Is it Padre Island North?


----------



## bballman (Jun 7, 2006)

Padre island national seashore


----------



## wavygravy (Nov 18, 2015)

Check tides, with the storm pushing up and some high tides you might find your tent underwater even up close to the dunes. Lots of people have been getting stuck in / around Bryan beach recently because of just that.


----------



## bigfost (Oct 11, 2004)

High tide at Bolivar Peninsula was up to the highway this morning. It will get worse when Cristobal moves closer. Probably not the weekend to beach camp.


----------



## mblanco2000 (Nov 7, 2011)

bigfost said:


> High tide at Bolivar Peninsula was up to the highway this morning. It will get worse when Cristobal moves closer. Probably not the weekend to beach camp.


Well thanks for the info. I thought with the storm stalling down south there might be opportunity to do some beach camping somewhere. I did not know the tides were getting that high.

Guess I need an alternate plan. Wife and kids are gone. Need to find a place to take the kayak for sure.


----------



## bigfost (Oct 11, 2004)

I had a great kayak trip to East Bay yesterday. Launched at Stingaree, bought a pint of live shrimp and peddled just past the entrance to the bay. Caught 2 to 3 dozen specks (most undersize), drum, sand trout and croakers. It was a great catching trip.


----------



## mblanco2000 (Nov 7, 2011)

bigfost said:


> I had a great kayak trip to East Bay yesterday. Launched at Stingaree, bought a pint of live shrimp and peddled just past the entrance to the bay. Caught 2 to 3 dozen specks (most undersize), drum, sand trout and croakers. It was a great catching trip.


Nice, we go to Bolivar quite a bit with the kids. I typically am surf fishing, but now that I have the yak I want to start fishing in some of the marsh and back waters.


----------



## livinadream (Jun 25, 2014)

We spend a lot of time down at Bolivar, in fact heading down there today with the camper. I think most of the RV resorts have spots dedicated for tent camping. I know the one we stay at does. Just another option.
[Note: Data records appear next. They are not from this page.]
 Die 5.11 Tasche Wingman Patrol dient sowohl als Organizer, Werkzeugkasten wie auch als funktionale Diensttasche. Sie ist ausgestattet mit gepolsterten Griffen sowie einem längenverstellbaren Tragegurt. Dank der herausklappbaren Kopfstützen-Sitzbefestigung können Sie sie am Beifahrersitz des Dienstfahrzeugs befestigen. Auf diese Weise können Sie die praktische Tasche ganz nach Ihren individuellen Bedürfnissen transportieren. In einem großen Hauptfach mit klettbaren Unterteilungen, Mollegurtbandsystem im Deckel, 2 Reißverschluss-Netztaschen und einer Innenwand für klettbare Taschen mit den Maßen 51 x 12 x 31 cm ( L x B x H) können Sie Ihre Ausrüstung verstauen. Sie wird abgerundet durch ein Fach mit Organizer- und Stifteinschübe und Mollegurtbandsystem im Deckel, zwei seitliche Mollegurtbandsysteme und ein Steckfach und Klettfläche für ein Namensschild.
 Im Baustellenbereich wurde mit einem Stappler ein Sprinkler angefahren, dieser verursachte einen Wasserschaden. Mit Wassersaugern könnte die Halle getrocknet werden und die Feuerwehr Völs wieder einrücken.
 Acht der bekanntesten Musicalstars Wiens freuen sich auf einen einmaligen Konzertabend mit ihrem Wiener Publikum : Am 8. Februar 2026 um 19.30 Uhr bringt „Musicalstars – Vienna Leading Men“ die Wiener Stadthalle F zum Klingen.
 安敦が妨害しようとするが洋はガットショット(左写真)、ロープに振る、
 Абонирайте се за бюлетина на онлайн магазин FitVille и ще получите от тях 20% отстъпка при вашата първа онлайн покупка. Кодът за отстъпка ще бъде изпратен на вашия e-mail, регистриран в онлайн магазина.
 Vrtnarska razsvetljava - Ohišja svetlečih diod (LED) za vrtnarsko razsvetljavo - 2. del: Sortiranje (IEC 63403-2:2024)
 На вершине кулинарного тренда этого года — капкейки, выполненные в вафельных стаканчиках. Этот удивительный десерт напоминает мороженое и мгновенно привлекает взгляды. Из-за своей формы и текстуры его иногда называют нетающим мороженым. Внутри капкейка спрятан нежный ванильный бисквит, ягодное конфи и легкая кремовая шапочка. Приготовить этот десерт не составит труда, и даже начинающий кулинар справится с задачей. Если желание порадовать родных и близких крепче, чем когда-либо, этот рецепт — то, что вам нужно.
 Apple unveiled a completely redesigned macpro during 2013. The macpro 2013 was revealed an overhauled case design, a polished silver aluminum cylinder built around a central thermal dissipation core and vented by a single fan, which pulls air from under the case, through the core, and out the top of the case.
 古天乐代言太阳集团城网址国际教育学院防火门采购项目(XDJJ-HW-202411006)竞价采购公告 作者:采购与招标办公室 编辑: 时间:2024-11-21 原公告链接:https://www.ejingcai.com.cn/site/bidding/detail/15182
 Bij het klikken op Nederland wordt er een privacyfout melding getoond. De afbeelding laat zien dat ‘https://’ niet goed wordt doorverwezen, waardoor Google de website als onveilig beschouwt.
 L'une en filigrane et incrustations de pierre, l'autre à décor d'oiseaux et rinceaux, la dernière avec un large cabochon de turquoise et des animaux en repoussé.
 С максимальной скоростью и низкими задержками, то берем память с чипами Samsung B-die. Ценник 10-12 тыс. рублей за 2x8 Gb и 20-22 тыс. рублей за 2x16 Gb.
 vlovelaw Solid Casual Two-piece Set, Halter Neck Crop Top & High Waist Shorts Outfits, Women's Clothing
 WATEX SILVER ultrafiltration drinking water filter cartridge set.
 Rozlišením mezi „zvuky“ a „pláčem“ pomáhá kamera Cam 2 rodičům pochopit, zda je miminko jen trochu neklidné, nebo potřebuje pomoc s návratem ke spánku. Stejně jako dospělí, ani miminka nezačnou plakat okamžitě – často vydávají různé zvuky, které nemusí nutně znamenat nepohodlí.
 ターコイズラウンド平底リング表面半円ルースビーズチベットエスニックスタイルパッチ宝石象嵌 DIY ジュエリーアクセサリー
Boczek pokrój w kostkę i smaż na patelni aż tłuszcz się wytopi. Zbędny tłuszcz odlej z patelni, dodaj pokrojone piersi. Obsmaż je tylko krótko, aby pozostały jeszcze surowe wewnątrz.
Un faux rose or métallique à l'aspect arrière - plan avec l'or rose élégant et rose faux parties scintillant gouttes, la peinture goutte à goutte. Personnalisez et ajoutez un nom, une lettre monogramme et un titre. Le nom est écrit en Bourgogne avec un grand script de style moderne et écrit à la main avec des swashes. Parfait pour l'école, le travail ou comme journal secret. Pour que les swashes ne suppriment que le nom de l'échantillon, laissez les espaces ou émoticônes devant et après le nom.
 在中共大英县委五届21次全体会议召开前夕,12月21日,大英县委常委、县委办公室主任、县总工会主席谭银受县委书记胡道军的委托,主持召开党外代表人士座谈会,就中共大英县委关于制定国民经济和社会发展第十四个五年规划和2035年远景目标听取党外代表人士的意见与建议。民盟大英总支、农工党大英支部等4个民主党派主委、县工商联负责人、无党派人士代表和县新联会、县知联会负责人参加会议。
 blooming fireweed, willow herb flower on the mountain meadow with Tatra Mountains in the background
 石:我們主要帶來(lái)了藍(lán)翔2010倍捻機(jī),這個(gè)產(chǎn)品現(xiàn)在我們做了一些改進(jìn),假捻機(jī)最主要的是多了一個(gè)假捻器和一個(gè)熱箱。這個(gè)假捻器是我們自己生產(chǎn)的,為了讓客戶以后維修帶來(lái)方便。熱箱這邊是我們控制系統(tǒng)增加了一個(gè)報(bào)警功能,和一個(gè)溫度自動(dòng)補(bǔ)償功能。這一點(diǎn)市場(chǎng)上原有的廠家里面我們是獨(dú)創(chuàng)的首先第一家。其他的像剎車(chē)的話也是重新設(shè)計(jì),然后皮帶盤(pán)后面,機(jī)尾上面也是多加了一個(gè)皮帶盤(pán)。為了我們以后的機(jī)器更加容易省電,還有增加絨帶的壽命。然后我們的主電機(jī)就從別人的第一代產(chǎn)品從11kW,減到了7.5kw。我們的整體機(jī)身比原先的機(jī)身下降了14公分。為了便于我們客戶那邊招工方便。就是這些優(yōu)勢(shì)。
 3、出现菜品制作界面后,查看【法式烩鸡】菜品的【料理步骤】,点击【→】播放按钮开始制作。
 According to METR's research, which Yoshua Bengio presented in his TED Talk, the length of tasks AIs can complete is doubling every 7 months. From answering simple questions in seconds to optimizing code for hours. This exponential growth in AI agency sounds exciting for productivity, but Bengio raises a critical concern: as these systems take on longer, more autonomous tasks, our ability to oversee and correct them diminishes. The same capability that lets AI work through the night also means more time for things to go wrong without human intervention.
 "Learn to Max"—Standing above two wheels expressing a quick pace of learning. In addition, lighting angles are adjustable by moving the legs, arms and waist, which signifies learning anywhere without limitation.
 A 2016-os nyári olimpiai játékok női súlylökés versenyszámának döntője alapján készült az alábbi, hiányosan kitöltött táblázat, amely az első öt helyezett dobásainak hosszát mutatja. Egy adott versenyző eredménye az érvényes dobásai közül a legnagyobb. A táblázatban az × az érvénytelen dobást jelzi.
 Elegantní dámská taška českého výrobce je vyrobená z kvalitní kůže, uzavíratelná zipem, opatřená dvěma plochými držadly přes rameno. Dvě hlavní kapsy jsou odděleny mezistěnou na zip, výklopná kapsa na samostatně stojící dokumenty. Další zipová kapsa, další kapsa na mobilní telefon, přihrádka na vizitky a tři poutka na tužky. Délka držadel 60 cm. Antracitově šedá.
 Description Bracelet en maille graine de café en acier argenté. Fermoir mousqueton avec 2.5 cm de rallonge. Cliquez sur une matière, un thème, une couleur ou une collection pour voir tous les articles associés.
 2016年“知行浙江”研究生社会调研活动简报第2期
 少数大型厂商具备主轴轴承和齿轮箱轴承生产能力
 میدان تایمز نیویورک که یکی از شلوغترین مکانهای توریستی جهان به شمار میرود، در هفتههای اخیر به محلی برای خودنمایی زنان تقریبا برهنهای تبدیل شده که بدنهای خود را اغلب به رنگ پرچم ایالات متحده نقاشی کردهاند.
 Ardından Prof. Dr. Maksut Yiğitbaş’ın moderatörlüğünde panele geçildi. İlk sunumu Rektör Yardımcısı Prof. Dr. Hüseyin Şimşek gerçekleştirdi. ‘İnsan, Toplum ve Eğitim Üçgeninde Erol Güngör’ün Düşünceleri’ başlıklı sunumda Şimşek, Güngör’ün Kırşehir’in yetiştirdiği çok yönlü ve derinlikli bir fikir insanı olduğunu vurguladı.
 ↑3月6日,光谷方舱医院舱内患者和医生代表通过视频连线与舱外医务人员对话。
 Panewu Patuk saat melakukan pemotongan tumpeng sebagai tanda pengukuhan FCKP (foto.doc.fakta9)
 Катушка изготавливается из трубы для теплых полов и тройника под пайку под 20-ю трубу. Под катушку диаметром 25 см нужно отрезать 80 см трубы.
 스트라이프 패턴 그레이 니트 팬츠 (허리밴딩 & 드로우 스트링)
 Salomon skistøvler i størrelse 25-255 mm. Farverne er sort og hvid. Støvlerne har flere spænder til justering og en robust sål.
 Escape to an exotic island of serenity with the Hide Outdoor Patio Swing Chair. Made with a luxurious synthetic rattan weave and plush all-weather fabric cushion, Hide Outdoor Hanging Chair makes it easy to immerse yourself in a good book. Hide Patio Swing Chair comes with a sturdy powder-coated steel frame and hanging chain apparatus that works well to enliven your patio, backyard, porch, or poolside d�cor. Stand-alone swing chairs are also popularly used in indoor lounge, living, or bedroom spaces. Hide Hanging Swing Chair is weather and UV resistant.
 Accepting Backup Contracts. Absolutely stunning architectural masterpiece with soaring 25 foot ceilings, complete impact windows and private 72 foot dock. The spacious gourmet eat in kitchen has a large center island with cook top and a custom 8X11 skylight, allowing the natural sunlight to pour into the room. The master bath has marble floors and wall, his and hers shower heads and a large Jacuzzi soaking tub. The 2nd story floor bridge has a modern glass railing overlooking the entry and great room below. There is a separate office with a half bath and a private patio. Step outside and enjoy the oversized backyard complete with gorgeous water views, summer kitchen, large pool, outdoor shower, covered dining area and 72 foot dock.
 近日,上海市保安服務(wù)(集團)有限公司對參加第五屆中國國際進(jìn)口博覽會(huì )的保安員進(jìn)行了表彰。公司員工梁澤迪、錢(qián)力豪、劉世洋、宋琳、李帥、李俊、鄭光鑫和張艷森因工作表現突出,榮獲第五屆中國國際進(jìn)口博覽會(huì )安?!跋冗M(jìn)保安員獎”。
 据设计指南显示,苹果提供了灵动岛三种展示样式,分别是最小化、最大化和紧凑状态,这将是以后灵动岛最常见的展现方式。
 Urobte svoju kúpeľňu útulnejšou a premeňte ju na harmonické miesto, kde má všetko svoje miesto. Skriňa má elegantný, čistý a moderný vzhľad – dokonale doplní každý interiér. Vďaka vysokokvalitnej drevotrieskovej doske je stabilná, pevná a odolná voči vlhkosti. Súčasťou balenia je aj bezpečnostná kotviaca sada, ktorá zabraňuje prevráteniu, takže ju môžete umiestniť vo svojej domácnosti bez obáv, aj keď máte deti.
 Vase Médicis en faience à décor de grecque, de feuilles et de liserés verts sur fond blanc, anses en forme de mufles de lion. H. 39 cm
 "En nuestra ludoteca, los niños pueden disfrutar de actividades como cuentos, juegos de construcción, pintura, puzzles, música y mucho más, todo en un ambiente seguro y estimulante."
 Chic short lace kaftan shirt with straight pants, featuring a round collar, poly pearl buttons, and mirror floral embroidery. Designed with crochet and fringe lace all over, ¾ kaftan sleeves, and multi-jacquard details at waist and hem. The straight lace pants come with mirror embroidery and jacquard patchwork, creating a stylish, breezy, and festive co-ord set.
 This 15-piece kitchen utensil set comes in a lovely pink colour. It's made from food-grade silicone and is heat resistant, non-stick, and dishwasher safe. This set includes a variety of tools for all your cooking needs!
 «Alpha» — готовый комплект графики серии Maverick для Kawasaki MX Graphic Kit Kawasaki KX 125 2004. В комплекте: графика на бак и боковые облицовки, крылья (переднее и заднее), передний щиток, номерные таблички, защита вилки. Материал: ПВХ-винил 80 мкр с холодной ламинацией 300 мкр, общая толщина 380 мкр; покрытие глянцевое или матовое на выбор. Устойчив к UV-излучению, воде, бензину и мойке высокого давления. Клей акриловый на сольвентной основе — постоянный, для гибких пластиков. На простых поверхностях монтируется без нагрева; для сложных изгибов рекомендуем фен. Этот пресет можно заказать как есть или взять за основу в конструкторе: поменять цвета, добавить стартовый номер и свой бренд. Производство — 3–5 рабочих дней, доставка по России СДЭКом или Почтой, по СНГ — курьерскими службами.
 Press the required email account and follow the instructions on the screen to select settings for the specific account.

Sent from my moto z3 using Tapatalk


----------



## mblanco2000 (Nov 7, 2011)

livinadream said:


> We spend a lot of time down at Bolivar, in fact heading down there today with the camper. I think most of the RV resorts have spots dedicated for tent camping. I know the one we stay at does. Just another option.
> 
> Sent from my moto z3 using Tapatalk


Have you seen availability on the weekends for the tent spots?


----------



## livinadream (Jun 25, 2014)

mblanco2000 said:


> Have you seen availability on the weekends for the tent spots?


Everytime we've been.

Sent from my moto z3 using Tapatalk


----------



## mblanco2000 (Nov 7, 2011)

bigfost said:


> High tide at Bolivar Peninsula was up to the highway this morning. It will get worse when Cristobal moves closer. Probably not the weekend to beach camp.


Thanks for the tip on not beach camping. I ended up down at Matagorda. I camped on the bay side on some higher ground. In the morning around 3a there were a ton of people fleeing the beach that were on there.

So thanks for the tip, but where do I go to find how high the actual tide will be, and how do you interpret those numbers?

This is one website that I go to in order to look at tides. I typically just look at when high and low tide are, but I have no idea how to see how large the tide surge will be, and then once you know how high/low the surge will be how would you know if that is out of the norm?

Thanks guys.


----------